1. ## Possible Challenge: Maximal set

Let $V$ be an $m$-dimensional vector space over a finite field of order $p^n$ for some prime $p$ and some positive integer $n$. Let $K\subset V$ be a collection of vectors such that every subset $K'\subset K$ with $|K'|=m$ is a basis for $V$. What is the maximum size of $|K|$?

2. ## Re: Maximum number of vectors

For notation, I will use $p$ instead of $p^n$, and just say $p$ is a prime power. I believe $|K|=k$ where $k$ is the smallest integer such that

$\sum_{i=0}^m (-1)^{m-i}\binom{\binom{k}{m-1}}{i}p^i \le 0$

For $p=2$, I find $|K|\le m+1$. For $m=2$, $|K|\le \left\lceil \dfrac{p^2}{p-1}\right\rceil$. I haven't checked for larger $p,m$ yet.
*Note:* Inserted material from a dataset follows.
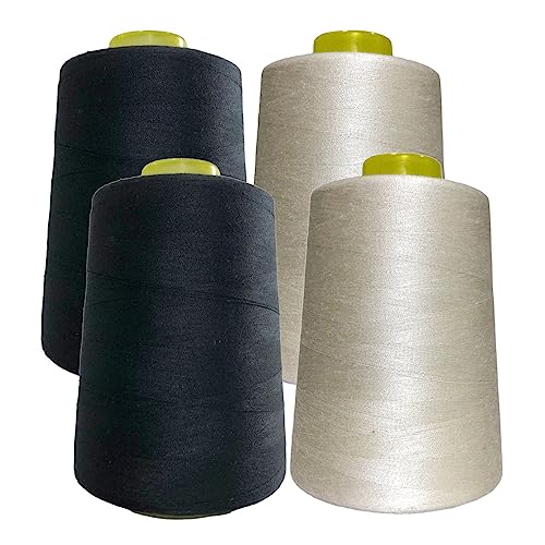 4 Sytrådsspolar (4500 meter/rulle), Polyestertråd med hög motståndskraft, Trådrullar för sömnadsarbete, (5000Y, Svart + beige)
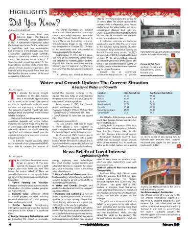 Did You Know?1952 to serve hot meals to the school for 31 cents a plate. The school equipped the cafeteria with a refrigerator, deep freezer, electric stove, hot water heater, and three- compartment stainless steel sink. Mrs. Charles Staudt served the meals to students and teachers. An outside kitchen was built in 1957 and enclosed in 1966.A dedication ceremony and barbeque were held on May 11, 1952. The center is host to the Bulverde Spring Branch Chamber Foundation’s Bingo in Bulverde evening on the first Friday of every month. The 2025 Spring Chicken BBQ & Festival will be held on April 27. The spring festival proceeds go toward maintenance of the center. The venue is also available for special events. Go to https://www.bulverdecommunitycenter. org/ for more information.Contact me at connieclark. conniecanwrite@gmail.com to provideBOy Connie McFall Clarkn East Ammann Road near Bulverde Road is the Bulverde Community Center, establishedin 1951. A nationwide organization called the Grange was formed for the betterment of agriculture and rural communities had a presence in the Bulverde area. That organization approved Oscar Schmidt’s vision for a community center to host social events. San Antonio businessmen L. E. Travis, Marshall Lasswell, Lynn Allen, Dr. Gus Pagenstecker, and Ned Wells offered their advice, services, business experience, and financial aid to the project. These men and their families became residents of the rural community of Bulverde.The Grange purchased and donated the 6.3 acres of land where the community center stands today. It was next to the Rahe Rural High School. Reinhold Leismann & Sons of Blanco was the building contractor. Groundbreaking began in July 1951 and was completed in October 1951. People of the community were instrumental in helping complete the structure.On December 31, 1951, the first dance was held at the community center. Music was provided by Herbert Laubach and the Rhythm Pals. Dances were held monthly following the first Valentine’s Day Dance in February 1952. The dances continued for 29 years.A cafeteria was added in Februaryhistorical events, people and places that our readers would be interested in.Connie McFall Clarkspotlights historical and human interest stories from the area. www.conniecanwrite.comTBy Lou Duggano alleviate the severe drought conditions in the San Antonio area, it would take approximately9 to 10 inches of rain spread over a period of time to significantly replenish water resources and improve soil moisture levels. This amount of rainfall would help raise reservoir levels and provide much-needed relief to the region.Restoring the Edwards Aquifer to normal conditions depends on several factors, including the current water levels, the rate of water usage, and the amount of rainfall needed to replenish the aquifer. Generally, significant and sustained rainfall over the aquifer’s recharge zone is required to restore it to normal levels.The Edwards Aquifer Authority (EAA) uses a network of rain gauges and NEXRAD radar data to estimate the amount ofTBy Lou Dugganhe 2025 Texas Legislative sessionbegan on January 14. The stateopened the session with a $20B surplus. More than 2,000 bills were filed before the session kicked off. There are several key priorities on the agenda. Below are some of the main issues expected to be forwarded:1. School Funding and Vouchers: Increased funding for public schools and the introduction of a school voucher program are high on the list.2. Property Taxes: Continued efforts to provide property tax relief, including potential elimination of school property taxes, are being discussed.3. Border Security: Strengthening interagency operations to combat criminal enterprises at the border is a significant focus.4. Energy, Emerging Technologies, and AI: Evaluating the impact of renewableA Series on Water and GrowthWater and Growth Update: The Current SituationLocationBoerne Blanco BulverdeNew Braunfels KerrvilleSan Antonio Airpor Canyon Lake2024 Rainfall (in)27.31 30.45 44.0 25. 56 25.43 24.00 20.0Avg Annual Rainfall (in)35.02 34.13 32.0 34.29 27.30 33.00 36.0rainfall that becomes recharge to the aquifer. This data helps in understanding the precipitation trends and evaluating the effectiveness of recharge efforts.As of January 1, 2025, the Edwards Aquifer levels were as follows:• San Antonio Pool (J-17 Index Well): 627 feet • Uvalde Pool (J-27 Index Well): 831.1 feet• Comal Springs: 62 cubic feet per second (cfs)• San Marcos Springs: 84 cfsThe San Antonio Pool was in Stage 4, which means a 40% reduction in groundwater withdrawals, while the Uvalde Pool was in Stage 5, with a 44% reduction.As of January 4, 2025, Canyon Lake in Texas was at 50% capacity with a water level of 880.64 feet above sea level. This is significantly lower compared to its historical levels. The lake’s highest recorded level was950.32 feet in 2002 during a major flood event. As of this date, the lake was 28.36 feet below the flood pool.Locally, here’s a comparison of the 2024 rainfallnumbersforBoerne,Blanco,Bulverde, New Braunfels, Canyon Lake, Kerrville, and San Antonio International Airport:Remarkably, Bulverde received more rainfall than its average annual amount, while others received less. A significant factor in its rainfall capture was a rainfallof 14.375 inches of rain during July. All Bulverde rain amounts were captured, measured and logged by rain gauge at Highway 281 & 1863.shutting out Highland Park in the second half and securing the win.San Antonio Airport ConstructionCity officials kicked off a new era for the San Antonio International Airport (SAT) this week by breaking ground for a new terminal. The $1.68 billion new terminal will be constructed alongside the existing Terminal B and built to accommodate the region’s continued growth. The 800,000-square-foot terminal is expected to be completed in 2028.News Briefs of Local InterestLegislative Updateenergy, exploring new technologies like small

3. ## Re: Maximum number of vectors

I'm wrong. For $p=4, m=2$, $|K|\le 5$.

I know why I was wrong. Suppose $|K|=k$ and we want to add one additional vector. Let's figure out the set of forbidden vectors. The zero vector is forbidden. There are $p-1$ nonzero multiples for each of the $k$ vectors. There are $(p-1)^2$ linear combinations of each of the $\binom{k}{2}$ pairs of vectors. So, the number of forbidden vectors is

$\sum_{i=0}^{m-1}\binom{k}{i}(p-1)^i$

So, we want the smallest positive integer $k$ such that

$\sum_{i=0}^{m-1}\binom{k}{i}(p-1)^i\ge p^m$

For $m=2$, that means $1+k(p-1)\ge p^2$, so $k\ge \dfrac{p^2-1}{p-1}$ means $k\ge p+1$, or $k=p+1$.

For $m=3$, that means $1+k(p-1)+\binom{k}{2}(p-1)^2 \ge p^3$

Simplifying, we have $k^2-k\dfrac{p-3}{p-1}-2\dfrac{p^3-1}{(p-1)^2} \ge 0$

So, $k\ge \dfrac{\sqrt{8p^3+p^2-6p+1}+p-3}{2(p-1)}$

Is that right? Or is there a possibility for overlap? Are linear combinations of 2 vectors unique among other sets of 2 vectors where among the four vectors, any three are linearly independent?